You feel her presence every once in a while, some times more powerful than others.

Six months in, the floodgates open and that corner of your heart you'd saved for all the shit you need to tell her finally overflows. One day, you swallow your pride, hold your cracked iPhone to your ear, and fake a call on your way home from work. You talk to her (while trying desperately to ignore the fact that you're really just talking to yourself) for 13 minutes, just hoping she can hear you, and that no one can see you ugly crying from their cars.

You tell her all about blogging on The Huffington Post, this season of the Voice (#TeamShakira) and that time you got shot in the nipple while paint-balling. You wish her a happy belated birthday and pretend to hang up.

She would've been 60 this year.

Seven months in, there are finally more good days than bad. The afternoons get easier, but after midnight still stings worse than any sunburn she ever tried to prevent when you were feeling young, wild and free (see also: rebellious and completely against anything over 15 SPF).

You gather the strength to go through the Aldo shoe box full of old photos you salvaged from the two-story house you used to shared together. You have so many questions (Is this my grandpa? Who is this blonde woman you're jumping off of cliffs with?
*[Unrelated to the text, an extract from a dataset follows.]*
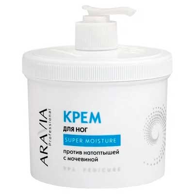 Вторую позицию занимает крем для ног от натоптышей Aravia Professional Super moisture. Этот продукт не только решает проблемы сухой кожи и гиперкератоза (утолщения рогового слоя), он обладает свойствами успокаивать, заживлять, восстанавливать мягкость и эластичность кожи. Рекомендуется производителем для завершающего этапа педикюра.

Are those bell-bottoms real and where can I find them?) but they're all left unanswered. Maybe for now. Maybe forever.

The very same goes for how she feels about your outfit, or your highlights. A second opinion that was once second nature is no more, and it doesn't help that you live with two boys.

Eight months in, you celebrate your first birthday without her. Your first birthday without her using the wrong form of "your" in a pop-up Hallmark card. Your first birthday waking up alone, and not to a voicemail of her singing, even though she's only downstairs on the couch.

Nine months in, you find a travel bag you never unpacked from her stay at Presbyterian. Inside are two unopened Burt's Bees chapsticks, an orange prescription bottle, Dove deodorant and an eye mask (when the fuck did she start sleeping with an eye mask?) You can't bring yourself to get rid of it, mostly because you have a feeling it's illegal to toss 15 milliliters of Caphosol to the curb all willy nilly.

A small part of you keeps it just to keep it.

You tuck it away in the bottom drawer of your Ikea nightstand that won't. fucking. stay. together. (#NoDisrespectToIkea but, in times of grief, the smallest inconveniences have a habit of feeling like the end of the world. Most days, though, you're just thankful to have furniture at all.)

Ten months in, time starts to blur. You start to forget what it was like when she was around, if only for a second. The next thing you know you're eleven and a half months in and seeing her favorite singer perform live from the Great Lawn at Central Park. You sob gracefully (you've mastered this) as girls around you in cut-offs and maxi skirts frolicking in circles to Carrie Underwood's 40-minute, very pregnant set at Global Citizen Festival. You pray for the love of God she doesn't sing "Jesus Take The Wheel" even though you know damn well she's going to.

She damn well does and you damn well lose your shit.

You go home and watch "Dancing With the Stars" over a Marie Callender's chicken pot pie because, even at 23, you can feel yourself turning into her.

Twelve months in and you accept that the month she died will always be the hardest. It's been 364 days since you held her hand and pulled the plug, but you still can't bear to listen to old voicemails, afraid of what her voice on tape might do to you (even though you've heard her laugh every day since she died). Sometimes you can hear her say funny things like "fuck you," and "jackass" (emphasis on the "JACK").

Most of all, you hear "Got me." Her response whenever you would say you loved her more.

One year in, everything still reminds you of her, and that's okay with you.